Broadpeak is another technology vendor looking at the full range of monetisation solutions, with February 2021 bringing news of a new generation of the BkYou ad personalisation solution that supports the entire process of ad personalisation – from origin server to transcoding, packaging, and delivery to end-user devices. In terms of security, VP business development Xavier Leclercq pinpoints a recent change around stream keys, which are unique alphanumeric strings used to identify the source of streams in order for them to be viewed.

Broadpeak_Xavier Leclercq Full Resolution -1 (2)

Xavier Leclercq 

“We have increased key rotation so that [content owners] can change key more often, so that even if the keys are discovered they would only be valid for a short period. This is a very good measure for live content,” says Leclercq, who also suggests that watermarking will increasingly be required of rights holders to, for example, major sporting championships being streamed in 4K.
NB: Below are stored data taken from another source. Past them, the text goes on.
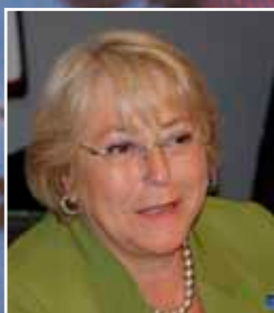
Michelle Bachelet Under Secretary General and Executive Director, UN Women
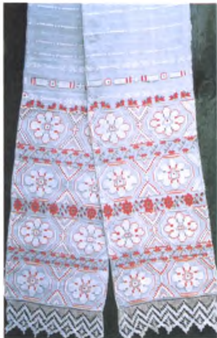
Мал. 949. Ручнік. Пачатак XX ст. Лён, бавоўна, аднабаковы перабор, вышыўка. 290 × 32 см (в. Здудзічы, Светлагорскі раён)
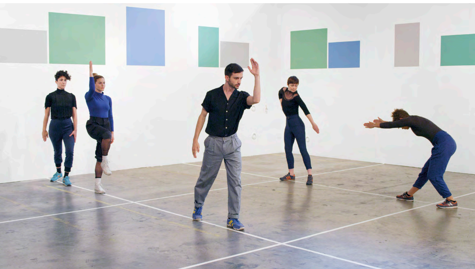
P. 50 : Julien Prévieux, What Shall We Do Next? (Séquence #2, détail), 2014. Vidéo HD (photogramme), 16 min 47 s.
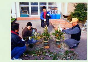
12月 門松・しめ縄づくり
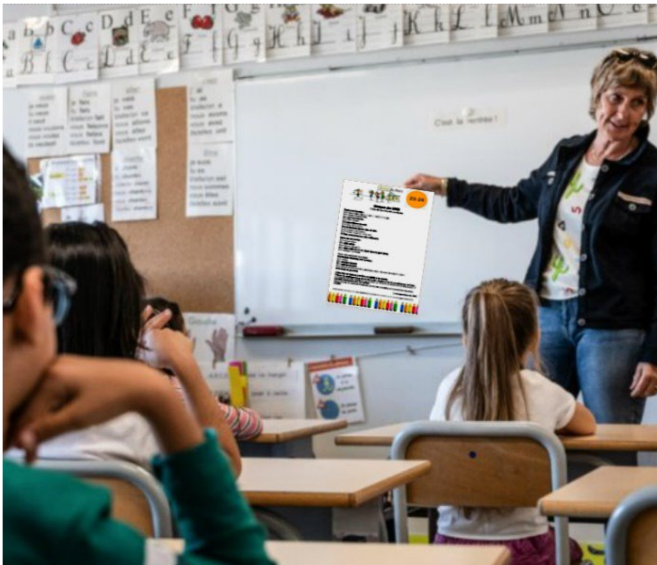
© Xavier Leoty, AFP, modifié par Tan Tieu
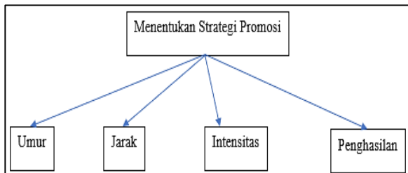
Gambar 2. Hierarki Proses

direkapitulasi menggunakan metode kuesioner, didapatkan variabel-variabel yang digunakan sebagai perhitungan yaitu umur, jarak, intensitas, dan penghasilan. Tahap pertama dalam AHP adalah membuat hirarki proses dari setiap variabel. Berikut adalah hirarki proses yang telah dibuat.
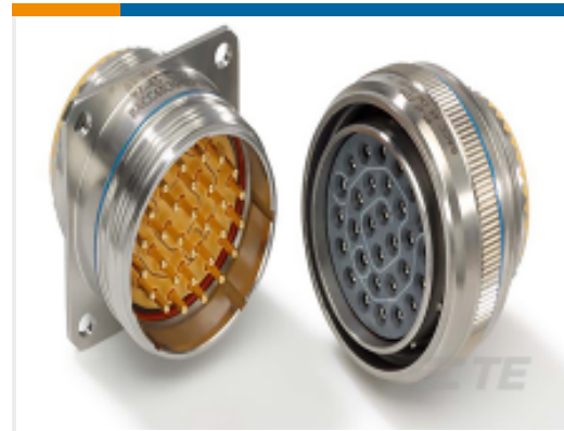
TE 产品编号ZPF000000000008068 983-6K 08-98 SN-L

With several interviewees also alluding to the ramping up of efforts to combat unauthorised viewing by the use of VPN, it is clear that security remains a vast moving target. Encouragingly, most content creators and broadcasters appear to be aware of the multi-faceted nature of the piracy threat, and are keen to implement multiple safeguards all along the chain to minimise their susceptibility. This will only become more critical as the sophistication of illegal streamers increases and the expectations around content protection – especially of premium sport and movies – continue to rise.